The availability of unlicensed millimeter wave (mm-wave) radio frequency (RF) bands is spurring the development of main stream applications that use mm-wave wireless technologies. For example, the Institute of Electrical and Electronics Engineers (IEEE) 802.11ad standard—also known as Wi-Gig to consumers—promises up to approximately 7 Gigabits per second data rate over the 60 GHz frequency band for consumer applications such as wireless transmission of high-definition video.
Communication over mm-wave frequency bands can be implemented in wireless communications devices by a RFIC package soldered to a printed circuit board of the device. The RFIC package typically comprises an RFIC chip and an array of non-directional antenna elements used for wireless communications with another mm-wave transceiver.
Unfortunately, mm-wave frequency bands are associated with severe path loss and high inter-symbol interference.

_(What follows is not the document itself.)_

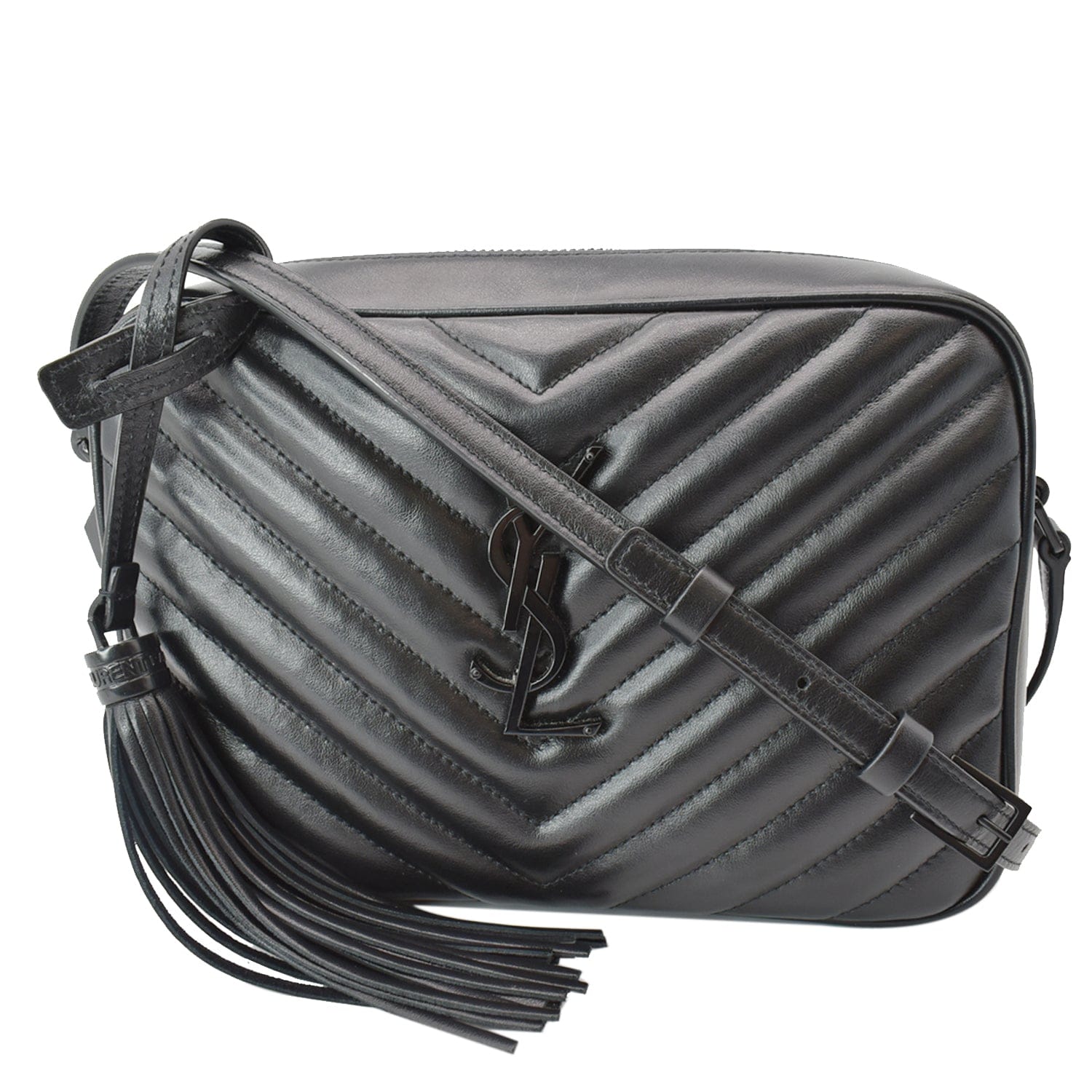 Yves Saint Laurent Lou Chevron Leather Camera Crossbody Bag Black

To reduce interference and improve communication quality, beamforming techniques are usually used to simulate a directional antenna. Beamforming is typically implemented with an RFIC chip that has phase shifting capabilities of the signal fed to each non-directional antenna array element in order to electronically point the simulated antenna toward a RF signal source. Unfortunately, including phase shifting capabilities for beamforming can significantly increase the size, cost, and complexity of the RFIC chip.
It would be desirable to have a solution for reducing interference and improving communication quality over mm-wave frequency bands that does not incur the size, cost, and complexity disadvantages associated with including phase shifting capabilities for beamforming in RFIC chips.
The approaches described in this section are approaches that could be pursued, but not necessarily approaches that have been previously conceived or pursued. Therefore, unless otherwise indicated, it should not be assumed that any of the approaches described in this section qualify as prior art merely by virtue of their inclusion in this section.